Pick a musical Top Ten list for 2007 - chances are, Ga Ga Ga Ga Ga is on it. Few albums have ever been so warmly-received by critics and listeners as has Spoon's latest. It's been praised by mainstream magazines like Rolling Stone ("You Got Yr Cherry Bomb" from Ga Ga Ga Ga Ga placed #16 on the publication's rundown of the best songs of the year), established rock-crit websites (the album made Pitchfork's in-house Top Ten and the Top Ten of its readers), and countless webloggers and 'zinesters. The set also made an appearance in the Billboard Top Ten, thereby proving that no matter how smart, artful, and forward-looking Spoon's pop might be, it still connects with a mass audience. When we look back on 2007 in the future, Spoon's sixth LP will make a fitting soundtrack.
Now, we've turned the calendar - and the popularity of Ga Ga Ga Ga Ga is still growing. "Don't You Evah", the latest single, is by acclamation one of the set's highlights: a cover version of an unreleased track by NYC underground favorites (and former Spoon tourmates) The Natural History. But even though Britt Daniel didn't write this one, the song has all the hallmarks we've come to associate with his band: an insistent, funky bassline; a clever arrangement; thoughtful lyrics; inspired and tasteful electric six-string, imaginative percussion; an indelible chorus; a dash of twisted humor; and a winning, conversational performance by the vocalist. "Don't You Evah" has become a concert favorite, found its way into videogames and unofficial fan-made web-clips (including a well-circulated one featuring a dancing yellow robot), and - once again proving Spoon's versatility - even scored an episode of NBC's Chuck.
Spoon's meticulous production has helped to make the band world-famous, but they're also a fantastic performing band.
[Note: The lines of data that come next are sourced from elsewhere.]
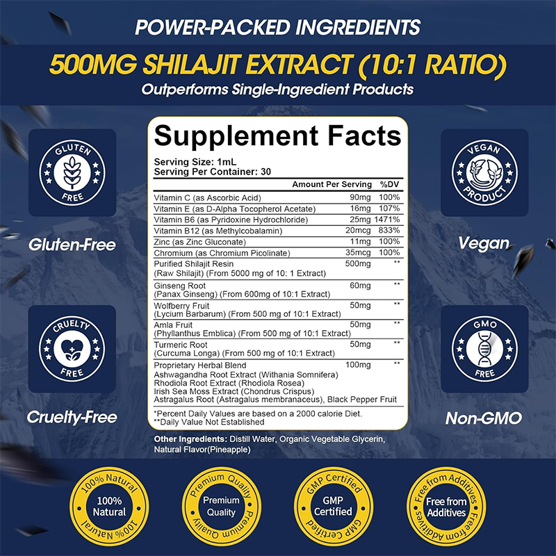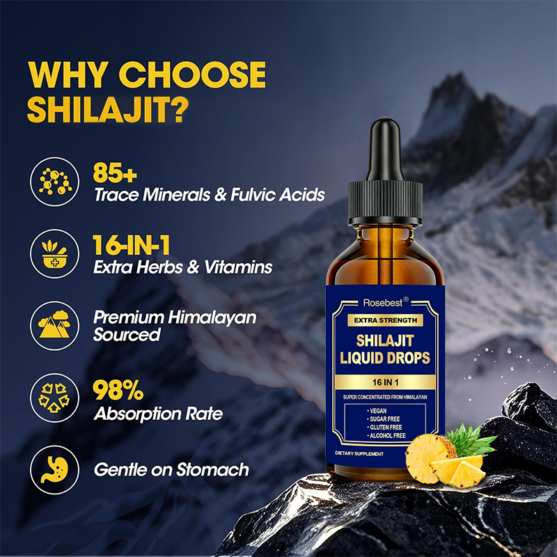 Rosebest Formula Personalizzata di Estratto Naturale di Erbe, 500mg di Resina di Shilajit in Gocce Liquide, Integratore Energetico per Uomini e Donne
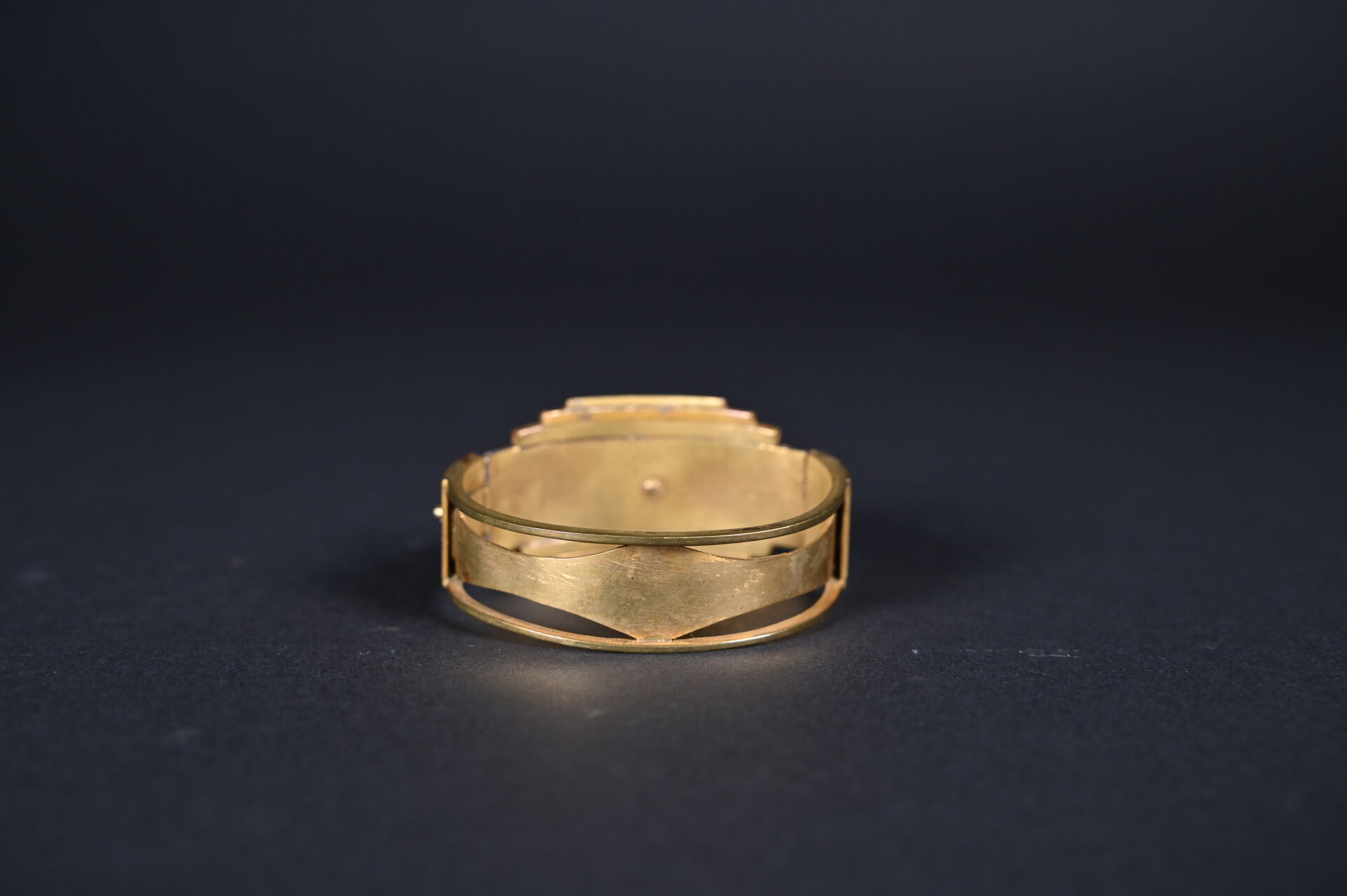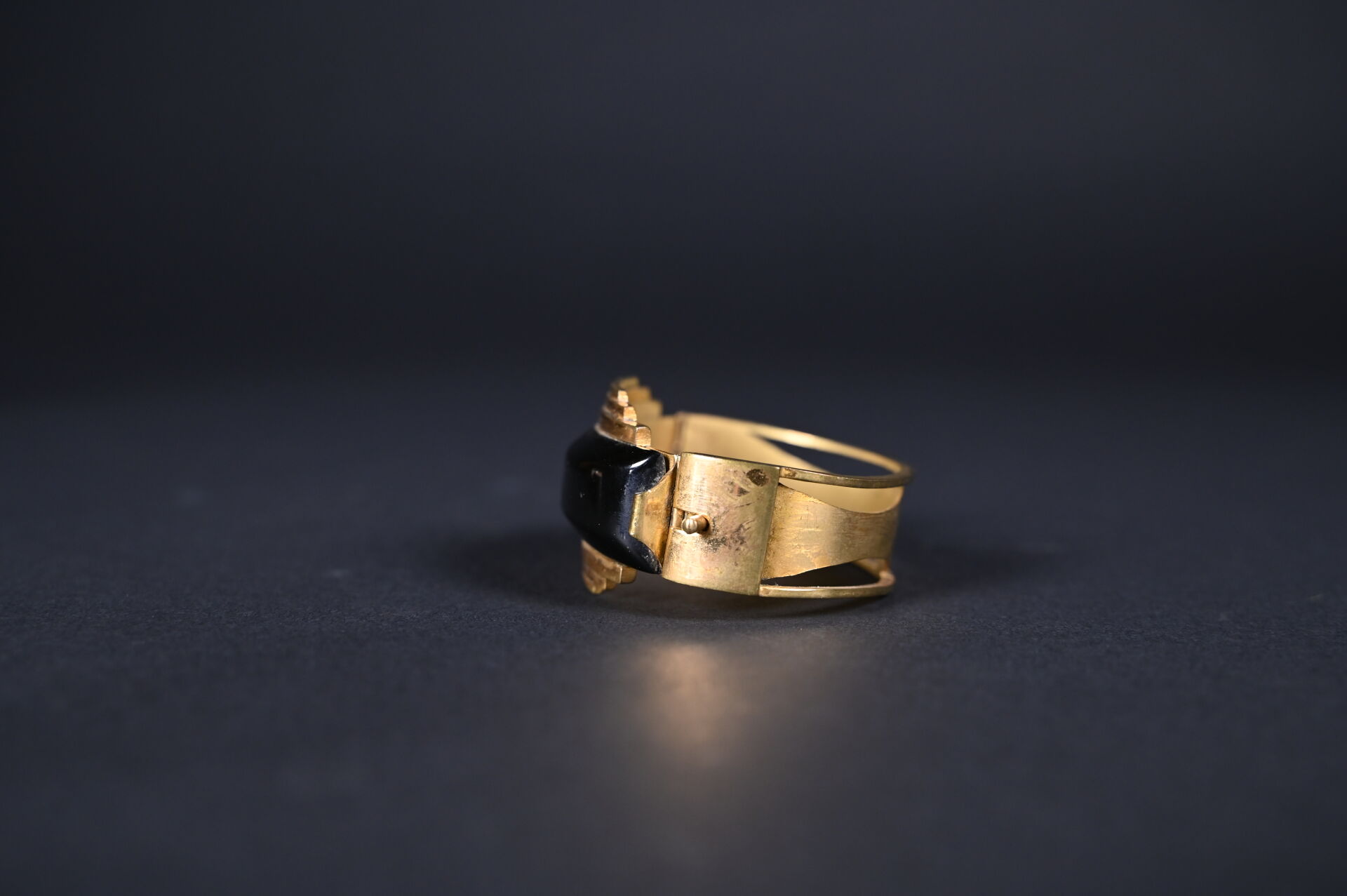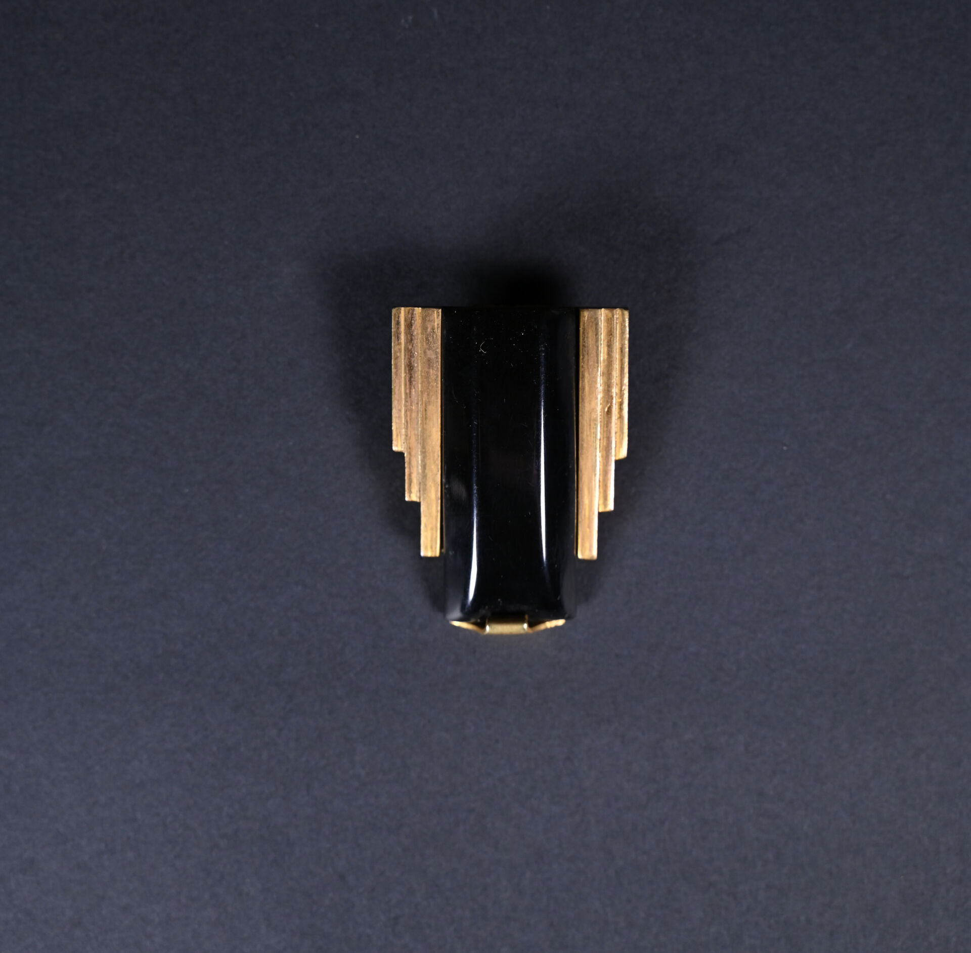Parure en laiton et bakélite noire soit un bracelet et un clip de revers ou boucle de ceinture. Avec boite. Epoque Art Déco.
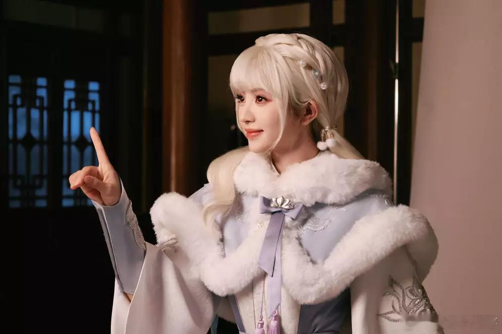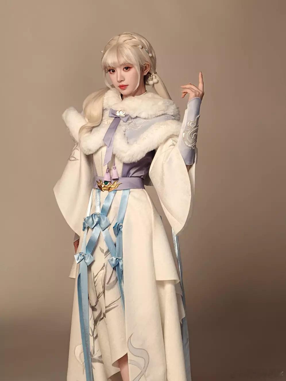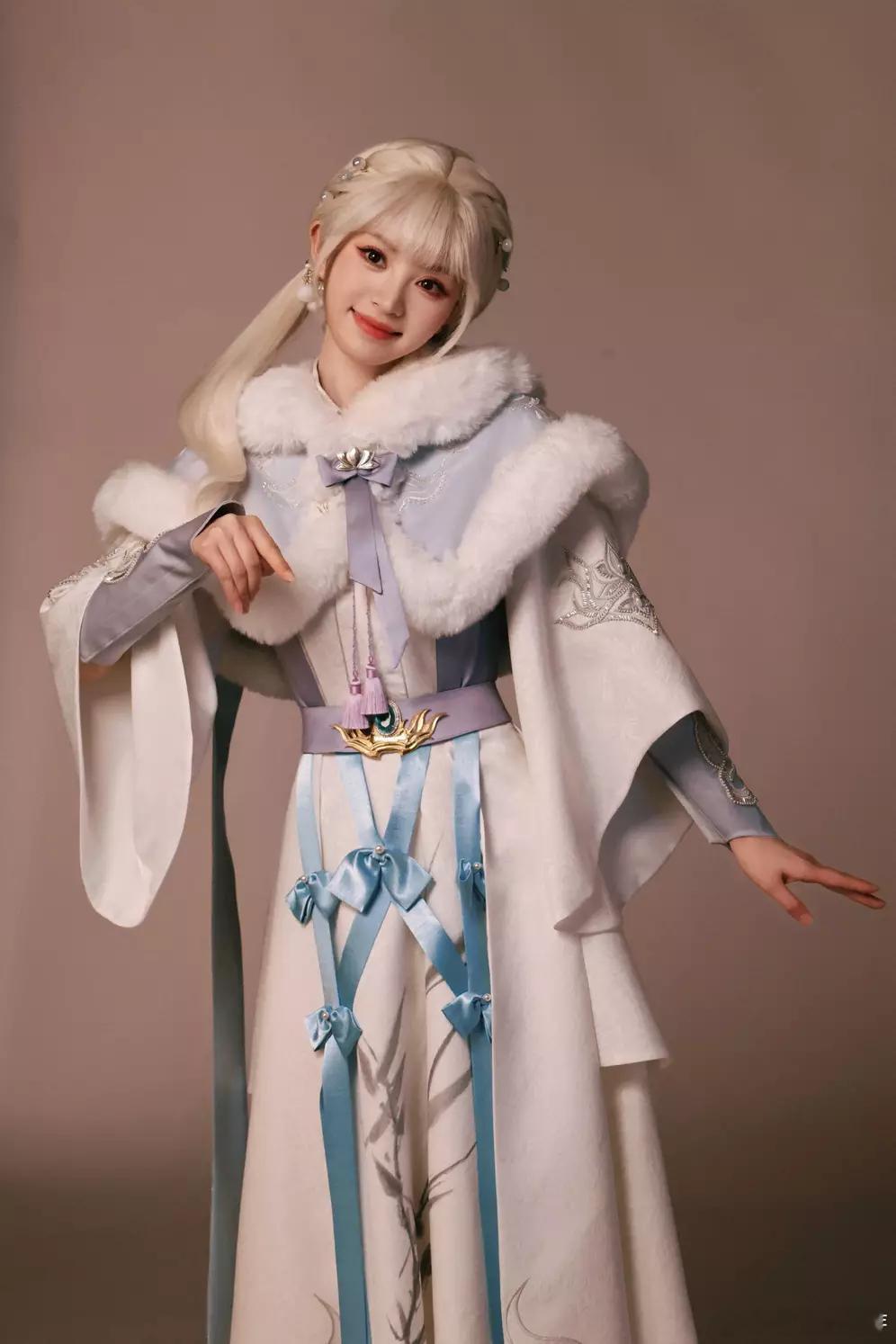 青青娱乐田曦薇穿浅蓝古风裙仙气飘飘 银发双马尾俏皮可爱
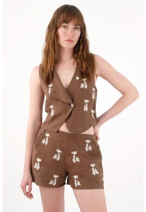 Tennis Chaleco En 100% Lino Con Bordado Café Para Mujer

So much attention has been lavished - and rightfully so - on the band's sound that it's easy to forget that they're much more than just a studio creation; in fact, the kaleidoscopic feel of Ga Ga Ga Ga Ga is not far removed from the experience of hearing Spoon live. In concert, they're groovy, yet economical; propulsive, but succinct; inspiring, but thoughtful. Britt Daniel can hold an audience spellbound, dash their expectations, challenge them, engage minds and feet simultaneously. The official "Don't You Evah" clip catches Spoon onstage, backstage, in the band van, getting to a gig, communicating with packed houses of listeners. The message is clear: Spoon's songwriting and arrangement architecture may be sophisticated, but it's also as organic as any band's.
Britt Daniel is the focus of the "Don't You Evah" video, but he's not the star: this is a group effort, and it's shot that way. As much attention is paid to drummer Jim Eno's shaker as the frontman's six-string. Under a wash of purple and blue light, the group becomes more than a collection of individuals anyway - they're a colorful force, bringing their indie-funk to vivid life. Shots of the band on a crowded city street and in the green-room of the club give the viewer a glimpse into Spoon's camaraderie and mutual respect. They walk to the show together; black silhouettes carrying instruments through the urban night; a tight unit in all senses; prepared for broadcast.